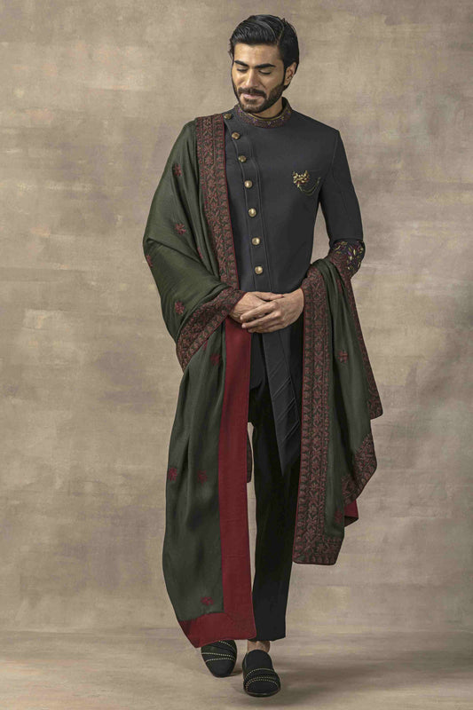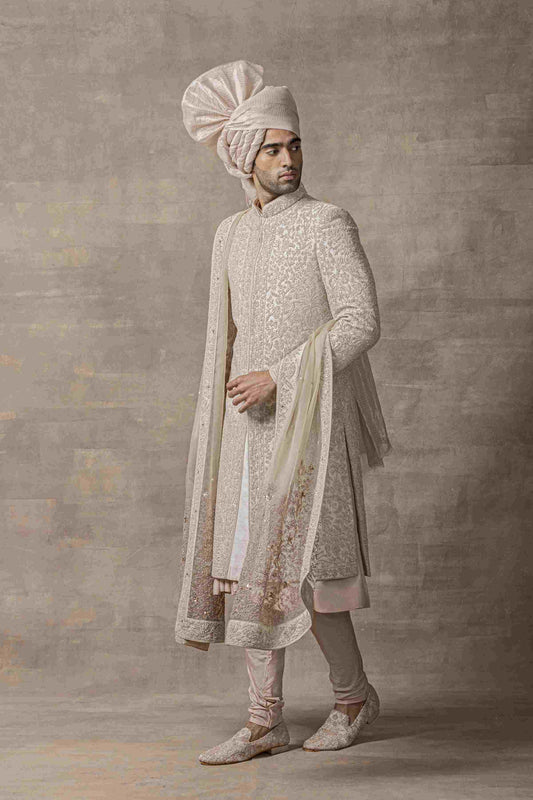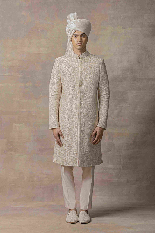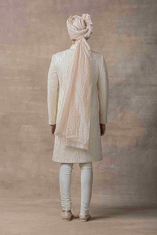 Off white sherwani highlighted with thread pearl and multi coloured sequin
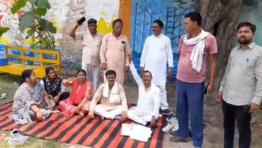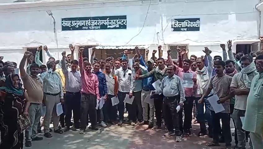 यूपी पावर कारपोरेशन के खिलाफ संविदा कर्मियों ने किया डीएम ऑफिस के बाहर प्रदर्शन
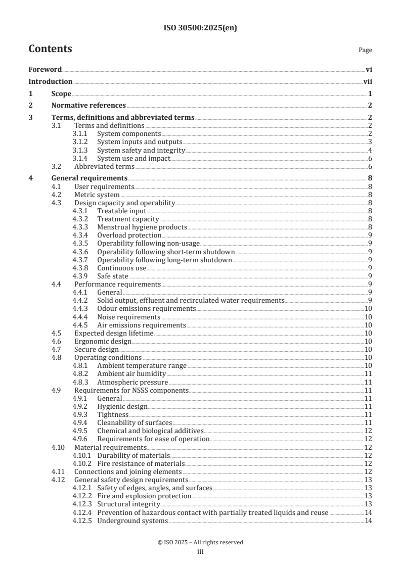 Keywords: ISO 30500, non‑sewered sanitation systems, NSSS, prefabricated integrated treatment units, off‑grid sanitation, safety and performance requirements, nutrient recovery, water reuse, life cycle assessment.
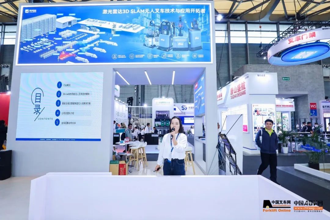 在展會(huì)現(xiàn)場(chǎng),鐳神智能系統(tǒng)事業(yè)部副總經(jīng)理王婉婉女士對(duì)代理政策和產(chǎn)品進(jìn)行深入解讀,她表示:鐳神智能激光雷達(dá)3D SLAM無(wú)人叉車填補(bǔ)了高端市場(chǎng)空白,解決目前市場(chǎng)上傳統(tǒng)低端無(wú)人叉車面臨的痛點(diǎn),基于公司整體發(fā)展戰(zhàn)略,充分發(fā)揮自身產(chǎn)品技術(shù)和資源優(yōu)勢(shì),引領(lǐng)無(wú)人叉車行業(yè)快速發(fā)展的美好愿景,并在現(xiàn)場(chǎng)招募全球合作伙伴,打造全球事業(yè)共同體、利益共同體,吸引了眾多參展觀眾的咨詢,期待開(kāi)啟合作新篇章。
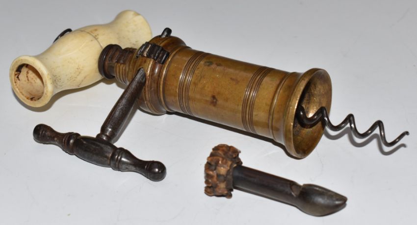 19thC side action brass corkscrew with bone handle and a carved 19thC horn or treen whistle, H18cm
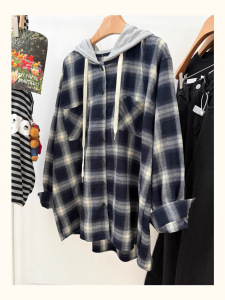 美式连帽衬衫薄外套女2025秋季慵懒BF风复古宽松显瘦长袖格子上衣
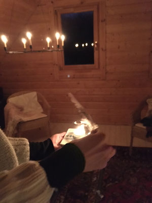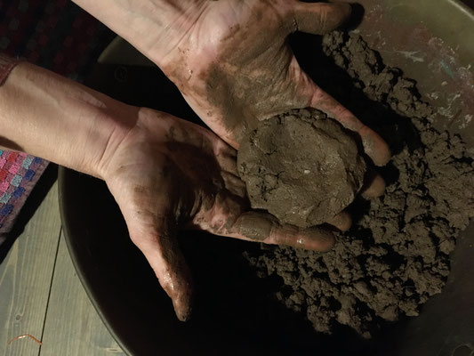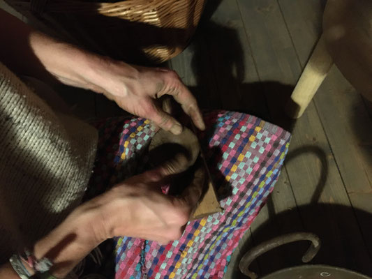 Wir räucherten die Räume, um die Herzen zu öffnen und den Geist wach zu halten. Wir töpferten Räucherschalen aus der Hutzelgarten-Erde und brannten sie im Ofen aus. Negative Erinnerungen schrieben wir auf Zettel und verbrannten sie. Das gehauchte Räucherorakel gab uns Inspiration.
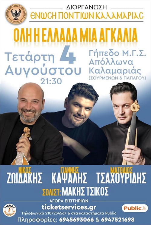 Πόντος, Κρήτη και Ήπειρος, «Όλη η Ελλάδα μια αγκαλιά», είναι το μουσικό θέαμα που μπορούν να παρακολουθήσουν, όσοι θα βρεθούν στο γήπεδο του Απόλλωνα Καλαμαριάς, για να δουν από κοντά που δένονται η ποντιακή με την κρητική λύρα, αλλά και το ηπειρώτικο κλαρίνο, σε μία εκδήλωση που διοργανώνει η Ένωση Ποντίων Καλαμαριάς.
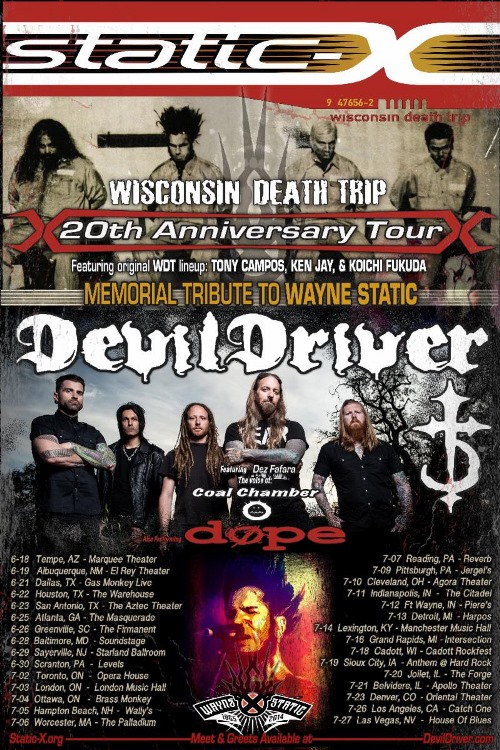 Dates for Static-X’s North American tour celebrating the 20th anniversary of the group’s debut record Wisconsin Death Trip and the memory of late frontman Wayne Static are now available. The tour will feature the original lineup on the album: Tony Campos on bass, Ken Jay on drums, and Koichi Fukuda on guitar. A fill-in vocalist for the trek has yet to be revealed. DevilDriver will be co-headlining the tour, performing a full set each night as well. Dope will be providing support along with other acts, which will be announced at a later date.

**********

**What is expected:** Text only, no pictures: please print exactly the lines above from the line with "यूपी पावर कारपोरेशन" up to and including the line with "Keywords: ISO 30500, non‑sewered", and nothing else.

**Answer:**
 यूपी पावर कारपोरेशन के खिलाफ संविदा कर्मियों ने किया डीएम ऑफिस के बाहर प्रदर्शन
 Keywords: ISO 30500, non‑sewered sanitation systems, NSSS, prefabricated integrated treatment units, off‑grid sanitation, safety and performance requirements, nutrient recovery, water reuse, life cycle assessment.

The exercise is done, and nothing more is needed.